Со дня его смерти прошло почти тридцать лет — целая жизнь, а песни по-прежнему звучат с магнитофонных лент.
…Все забыли, что давным-давно барды были отдельным сословием. Странствовали от одного короля к другому, песнями зарабатывали на хлеб. Жениться им было не положено, хоронили их за церковной оградой вместе с самоубийцами. Единственная же привилегия — говорить, петь, кричать правду при дворе ли, в кабаке, на городской площади. И не было в средневековой Европе никого свободнее, смелее и обездоленней их.
Песни Александра Галича — оттуда. В железную советскую эпоху он и был самым настоящим бардом.
В зале Общинного дома, где проходит вечер памяти, его ровесники. Убеленные головы, лица в морщинах. И когда оживает экран, оживают и их глаза, по-стариковски пристально сверяющие каждый кадр: да, все правильно, именно таким мы его помним… Магия встречи.

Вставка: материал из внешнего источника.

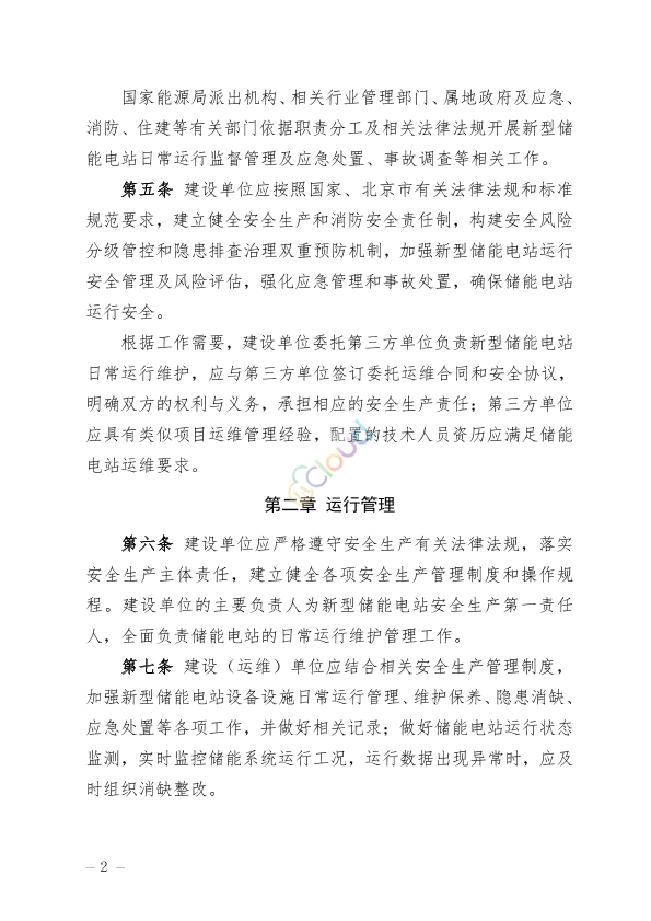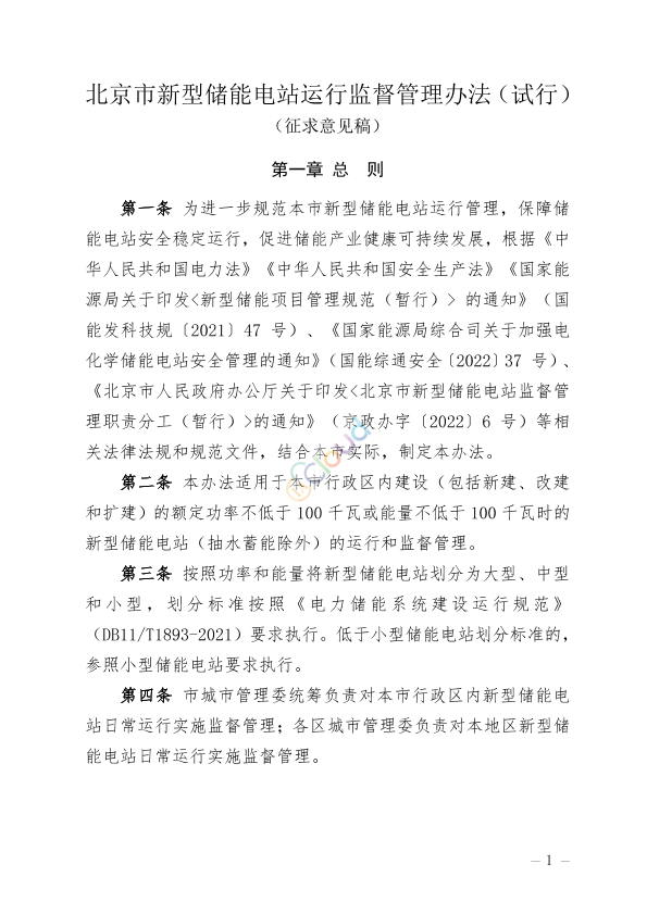 为进一步规范本市新型储能电站运行监督管理,保障储能电站安全稳定运行,促进储能产业健康可持续发展,根据国家及本市相关管理规定,市城市管理委会同有关部门研究制定了《北京市新型储能电站运行监督管理办法(试行)》。现向社会公开征求意见,欢迎社会各界提出意见建议。 公开征集意见时间为:2022年10月25日至10月31日。 意见反馈渠道如下: 1.电子邮箱:fangyansheng@csglw.beijing.gov.cn。 2.通讯地址:北京市西城区三里河北街甲三号北京市城市管理委员会电力煤炭管理处(请在信封上注明“意见征集”字样) 3.电话:010—68539047 4.传真:010—68512344 5.登录北京市人民政府网站(http://www.beijing.gov.cn),在“政民互动”版块下的“政策性文件意见征集”专栏中提出意见。 北京市城市管理委员会 2022年10月25日

А для нас, для последнего советского поколения, знакомство с Галичем началось со Стругацких, когда посреди книжки вдруг обрушились непонятные строки. Герои, сидя на ночной кухне, пьют и поют:
Упекли пророка в республику Коми.
А он и перекинься башкою в лебеду…
Сколько их было, таких кухонь, в Питере, в Москве, в Берлине, в Нью-Йорке? Галича вспоминают везде, где говорят по-русски, потому что нет среди поэтов более сопричастного общей судьбе. Русский поэт с еврейской фамилией — парадокс? Да нет, скорей, закономерность. Просто в странствующем нашем народе без конца, назойливо звучит струна страдания. Ее голос попал в резонанс с российской неприкаянностью, с горечью и красотой этой странной земли — и появилась гитара Галича.
Его называли мародером за страшные, точные, как выстрел в упор, песни о лагерях, в которых он не сидел. Ему, написавшему «Кадиш» — песню-поминовение, шипели в спину: «Сионист!», а он любил Россию. И она отвечала ему взаимностью — Россия тружеников, мучеников, зэков и вертухаев.

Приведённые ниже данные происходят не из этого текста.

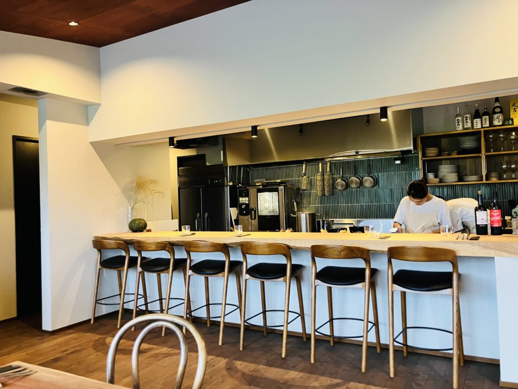オープンキッチンになっており、女性シェフの動きを見ながら料理を待てるので、次はどんな料理が出てくるのだろう?とワクワクしながら待つこともできます。

И в тот самый миг, когда за окном
Проплывает во тьме тоска, –
Тогда просыпается Белая Вошь –
Повелительница зэка.
А мы-то ее называли все —
Королева Материка…
Уже давно не было на свете ни вождя всех народов, ни его придворных — но Устьвымлаг и АЛЖИР еще действовали, и схлопотать срок за неблагонадежность было вполне несложно. Не «вышку», не 25 лет «особого» — от 10 до трешки, как тунеядец Бродский. Карать в прежнем объеме власть уже не могла. Оттепель, эта необходимая уступка Западу, быстро принесла свои плоды, и с ними приходилось как-то мириться. Слегка диссидентствовать разрешалось. Интеллигентские кружки, Политех, самиздат, «битлы» — пожалуйста, главное — не попадайся! Веди себя тихо, не лезь на рожон.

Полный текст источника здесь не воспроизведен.